WORK TO BE COMPLETED. Repeat, line for line, only the span that opens at the "Tricou Gothic Casa" line and closes at the final line below. Skip the pictures.

INPUT.
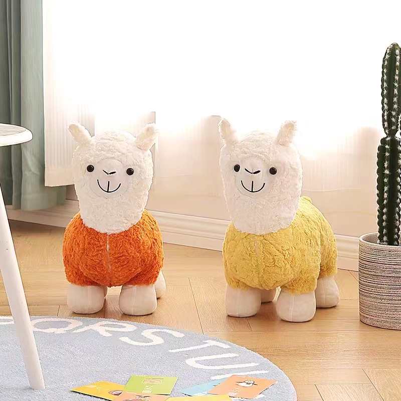网红创意羊驼凳客厅落地小板凳儿童家用换鞋凳毛绒凳新居沙发凳子
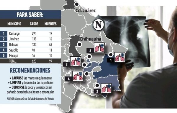 Mientras que en los casos hasta el pasado lunes 24 de noviembre se cuenta con un registro de 7 mil 374 casos confirmados de neumonías y bronconeumonías en la entidad, estos casos se distribuyen de la siguiente manera: 3 mil 355 en Chihuahua, mil 565 en Ciudad Juárez, 369 en Cuauhtémoc, 291 en Camargo.
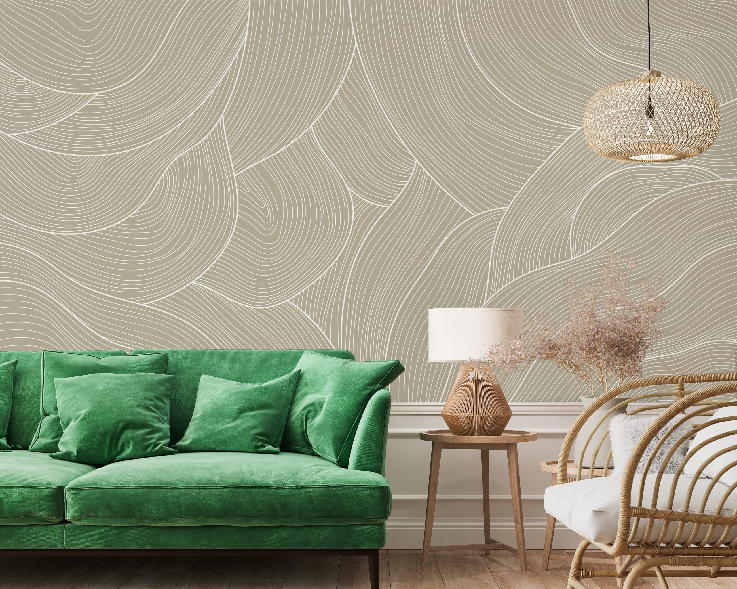 Prezantojeni hapësirën tuaj me letrën e murit për foto “Valët e rërës”. I frymëzuar nga linjat natyrale të dunave, valëve dhe fibrave të drurit, modeli krijon një efekt dekorativ delikat, por ekspresiv, që qetëson shqisat dhe nxit qetësinë. Sfondi delikat, ngjyrë krem-bezhë dhe linjat e bardha të rregulluara në mënyrë harmonike krijojnë një ndjesi lehtësie dhe thellësie, duke u përshtatur në mënyrë të përkryer në ambientet e brendshme moderne dhe skandinave.
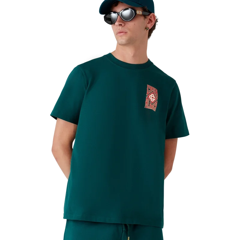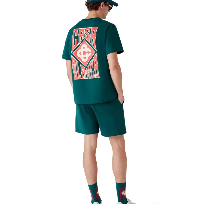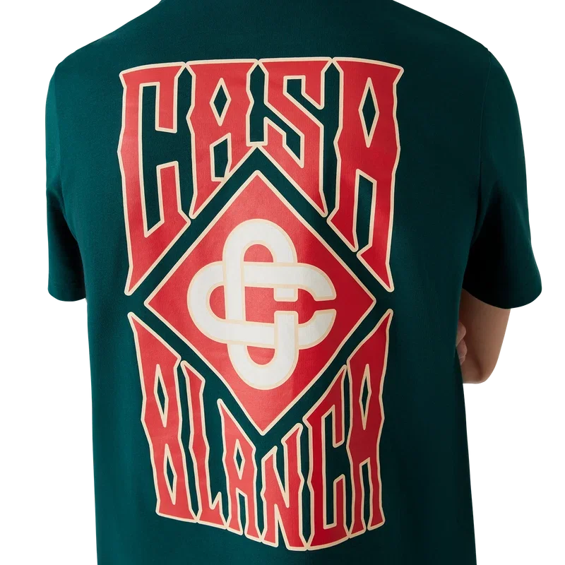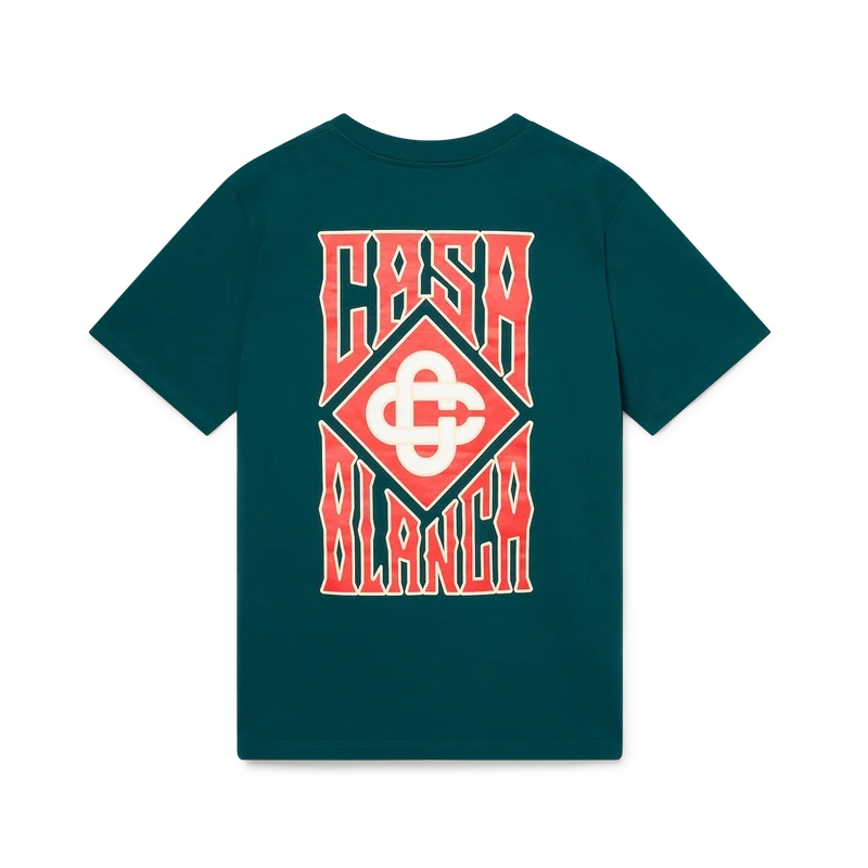 Tricou Gothic Casa Way cu mâneci scurte, imprimat, confecționat din bumbac organic și prezintă logo-ul casei suprapus, realizat cu tipografie gotică, precum și logo-ul diamant caracteristic. Completat cu guler rotund clasic.
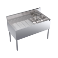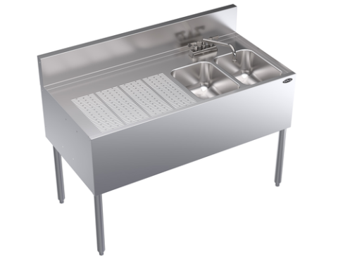 Royal Series Underbar Sink Unit, two compartment, 48"W x 19"D, 10" wide x 14" front-to-back x 10" deep compartments, 24" embossed drainboard on left, deck mount Royal Series faucet with swing spout, apron on front & sides, (2) removable overflow standpipes, stainless steel top, front, & sides, stainless steel legs with adjustable thermoplastic bullet feet, NSF
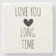 Niedlicher und trendiger Typografie-Untersetzer mit den Worten "Liebe du long time" in einem schwarzen Text auf weißem Hintergrund, und ein kleines schwarzes Herz in der Mitte.

RESPONSE TO THIS EXERCISE.
 Tricou Gothic Casa Way cu mâneci scurte, imprimat, confecționat din bumbac organic și prezintă logo-ul casei suprapus, realizat cu tipografie gotică, precum și logo-ul diamant caracteristic. Completat cu guler rotund clasic.
 Royal Series Underbar Sink Unit, two compartment, 48"W x 19"D, 10" wide x 14" front-to-back x 10" deep compartments, 24" embossed drainboard on left, deck mount Royal Series faucet with swing spout, apron on front & sides, (2) removable overflow standpipes, stainless steel top, front, & sides, stainless steel legs with adjustable thermoplastic bullet feet, NSF
 Niedlicher und trendiger Typografie-Untersetzer mit den Worten "Liebe du long time" in einem schwarzen Text auf weißem Hintergrund, und ein kleines schwarzes Herz in der Mitte.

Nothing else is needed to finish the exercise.